Almost one month ago Procter & Gamble (PG) declared a dividend increase of 3%. This was way lower than I had anticipated (and hoped) for. It was the smallest increase in the last decade.
In the last years the dividend increases of PG were much higher. If we take a look at the chowder rule in the beginning of April 2015, it was 11.2. The dividend yield was 3.2 and the 5 year dividend growth rate was 8.0. The latter will be influenced by this increase in a negative way.
Despite of the slightly disappointed dividend increase I bought PG for my Vrijheid Fonds just a few days after their announcement. Because PG is a solid company with some big household names. Take a look around your household and see how much PG products you have. You will be amazed.
After I bought the shares a little voice in the back of my mind kept asking: why is this increase so low? So I did some digging and searching on the Internet. I found 4 possible reasons.
PG is operating in a market with a lot of competitors. The margins are (very) small. And for most of the products the demand remains the same over time. If I look at my own household, it is impossible to persuade me to use more detergent. So the demand side is (almost) stable. However the supply side is still growing. New companies emerge on the Internet that are offering the same product for a lower price. For instance, here in the Netherlands we have BoldKing who offers razor blades for lower prices than the PG razor blades (I love my Gillete razor blades).

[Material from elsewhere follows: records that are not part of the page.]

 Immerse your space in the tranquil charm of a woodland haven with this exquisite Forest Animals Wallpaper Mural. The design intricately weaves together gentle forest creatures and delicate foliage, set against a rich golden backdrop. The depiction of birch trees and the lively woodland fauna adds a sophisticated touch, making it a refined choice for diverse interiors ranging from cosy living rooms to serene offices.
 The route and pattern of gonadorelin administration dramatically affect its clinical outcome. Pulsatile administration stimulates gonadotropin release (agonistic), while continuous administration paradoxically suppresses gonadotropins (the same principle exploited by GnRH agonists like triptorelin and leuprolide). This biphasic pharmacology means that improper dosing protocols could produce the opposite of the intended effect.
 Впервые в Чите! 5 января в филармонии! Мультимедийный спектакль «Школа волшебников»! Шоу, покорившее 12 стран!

I read in an editorial that PG made the decision a couple of years ago to focus on efficiency/margins instead of innovation. This can be one of the reasons why PG is losing their moat. Or is this only in my imagination?

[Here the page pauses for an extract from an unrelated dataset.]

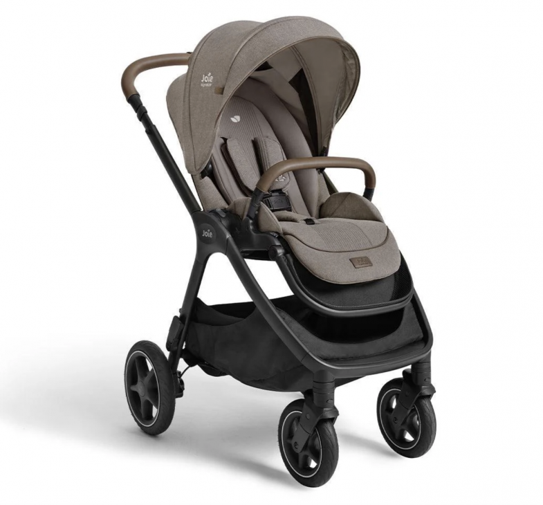 The pushchair comes with a lie-flat seat that can be used from birth, but I’d recommend investing in a carrycot to use for the first 6 months. It’s compatible with the Ramble XL (£150) or with Joie’s hybrid carrycot-car seat, the Calmi (£390 including the base) for a does-it-all newborn package.

A high payout ratio. PG already had a high payout ratio of around 70%. This is high for a dividend aristocrat. Put this together with the money PG is spending with their share buy back program and the payout ratio is even higher. With the recent increase the payout ratio is around 75%. So is there still some free cash flow available?
The last reason is of course the stronger dollar. PG sells around 2/3 of their products out side The States. With a stronger dollar, these products will be more expensive here in Europe. This will certainly influence their turnover and their profits.

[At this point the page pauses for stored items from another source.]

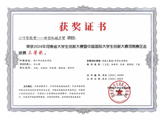 2024年河南省大学生创新大赛暨中国国际大学生创新大赛河南赛区选拔赛三等奖
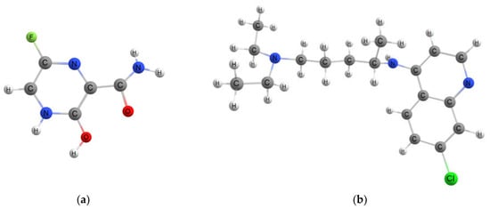 Chemical structures of (a) favipiravir and (b) chloroquine molecules.
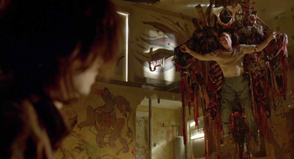 Something that these days would be described as “horror adjacent”, this is ram jammed full of disturbing gloopy imagery in the service of a wayward private eye narrative. Noir where you can expect a generous serving of gore or creature FX work every other scene. The bookending sequences with the Manson-esque desert cult are deliriously overblown, everything else makes for good trailer and Fangoria shots. The plot itself is wobbly and overpacked. There are flashy loose ends that never go anywhere (detective Harry D’Amour’s flashbacks to an exorcism, a baboon). You’d struggle to say our protagonist does much more than turn up and bear witness to whatever weird shit or fated death is waiting behind each door he kicks down. He has very little interactive affect on the plot. Which is a shame as this was one of Scott Bakula’s rare attempts to convert his Quantum Leap stardom into a big screen career. It is the only studio film I can think of where he was the name above the title. He makes a good fist of being the Indiana Jones or Sam Spade of the uncanny but alas the film was unloved by the studios who traded it between themselves during a catalogue sale. It also is the last time Barker directed a feature. Fair to say his storytelling is still too raggedy to really fit the mainstream, the master of horror prefers shifting dream logic to tight Robert McKee structure. You can’t help but wonder what might have happened if a friendly collaborator (producer, editor, anyone) gave him the note to put his hero in more direct peril, with some kind of invested presence within the grand evil that unfolds? Would have helped Bakula make more of an impact and elevated Lord Of Illusion from being a mere eye catching curio to a genuine lost treasure.

All these possible reasons, in my opinion, are plausible. The only thing that is really bothering me is the increasing payout ratio. Will PG management be able to lower the payout ratio and in the same time give investors an ever increasing dividend? What will the future bring? I wish I had a crystal ball.
What do you think? Was the last dividend increase an omen for future increases? Or was this just a small hick up? I like to hear from you.